NEVADAN AT WORK: Transplant didn't want to leave LV

NEVADAN AT WORK: Transplant didn't want to leave LV

Brownstein shareholder, David Arrajj literally received his latest job offer during his going away party.

In 2000, Arrajj was corporate counsel for Park Place Entertainment, which operated the Hilton Hotels' gaming properties, including the former Las Vegas Hilton and Bally's Las Vegas.

Company executives asked Arrajj to transfer back to Atlantic City. At the time, the company was negotiating to acquire Caesars World and was increasing its presence on the Boardwalk.

Arrajj wasn't thrilled about the move.

He had spent the first 27 years of his legal career in New Jersey.

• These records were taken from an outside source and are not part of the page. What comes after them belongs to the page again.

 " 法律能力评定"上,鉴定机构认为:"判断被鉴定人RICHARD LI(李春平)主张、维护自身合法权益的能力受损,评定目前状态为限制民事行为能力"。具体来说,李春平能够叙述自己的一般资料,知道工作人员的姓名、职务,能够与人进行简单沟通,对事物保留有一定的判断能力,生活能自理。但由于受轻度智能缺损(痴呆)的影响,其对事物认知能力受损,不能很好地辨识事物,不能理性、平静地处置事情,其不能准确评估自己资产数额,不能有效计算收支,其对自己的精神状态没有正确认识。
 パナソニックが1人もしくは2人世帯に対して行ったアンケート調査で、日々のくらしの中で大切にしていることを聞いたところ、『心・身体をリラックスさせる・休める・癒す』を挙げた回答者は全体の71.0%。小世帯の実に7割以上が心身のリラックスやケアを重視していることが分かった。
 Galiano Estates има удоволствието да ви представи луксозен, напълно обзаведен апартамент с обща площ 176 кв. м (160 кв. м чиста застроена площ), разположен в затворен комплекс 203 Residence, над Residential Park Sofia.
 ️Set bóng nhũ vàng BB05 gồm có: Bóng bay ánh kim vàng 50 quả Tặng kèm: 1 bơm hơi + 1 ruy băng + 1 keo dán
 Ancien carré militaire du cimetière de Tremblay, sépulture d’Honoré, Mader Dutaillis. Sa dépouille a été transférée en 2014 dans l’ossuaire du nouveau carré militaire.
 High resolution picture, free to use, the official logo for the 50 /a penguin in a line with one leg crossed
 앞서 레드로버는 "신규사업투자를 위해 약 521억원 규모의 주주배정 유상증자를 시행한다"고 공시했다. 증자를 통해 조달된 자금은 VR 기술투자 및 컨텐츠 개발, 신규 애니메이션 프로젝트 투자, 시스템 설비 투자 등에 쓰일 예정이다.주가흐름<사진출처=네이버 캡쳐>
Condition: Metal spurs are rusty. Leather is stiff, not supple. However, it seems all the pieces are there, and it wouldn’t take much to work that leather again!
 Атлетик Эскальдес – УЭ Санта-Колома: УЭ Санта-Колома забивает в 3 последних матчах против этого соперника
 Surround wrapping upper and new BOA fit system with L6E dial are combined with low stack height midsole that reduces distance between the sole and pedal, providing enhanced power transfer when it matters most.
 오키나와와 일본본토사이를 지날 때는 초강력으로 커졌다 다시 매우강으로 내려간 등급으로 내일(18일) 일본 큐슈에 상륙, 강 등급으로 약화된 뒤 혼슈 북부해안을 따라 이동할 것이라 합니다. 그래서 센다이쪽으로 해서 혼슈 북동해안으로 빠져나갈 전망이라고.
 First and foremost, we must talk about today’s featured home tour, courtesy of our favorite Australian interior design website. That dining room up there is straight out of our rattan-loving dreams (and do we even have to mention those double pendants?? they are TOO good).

"My wife and I talked ourselves into the idea that it was a good thing to go back to the East Coast," Arrajj said. "We could be closer to relatives and all that stuff."

His house was already up for sale, his bags were packed and Park Place officials threw Arrajj a going away party. While talking with a partner in the firm of attorney Frank Schreck, who was at the event, Arrajj learned the Las Vegas firm was trying to replace a recently departed senior associate in its gaming division.

"I told him I might be interested in the position, and he said they were interested in having me," Arrajj said. "So I got lucky. I was in the right place at the right time. I've never looked back."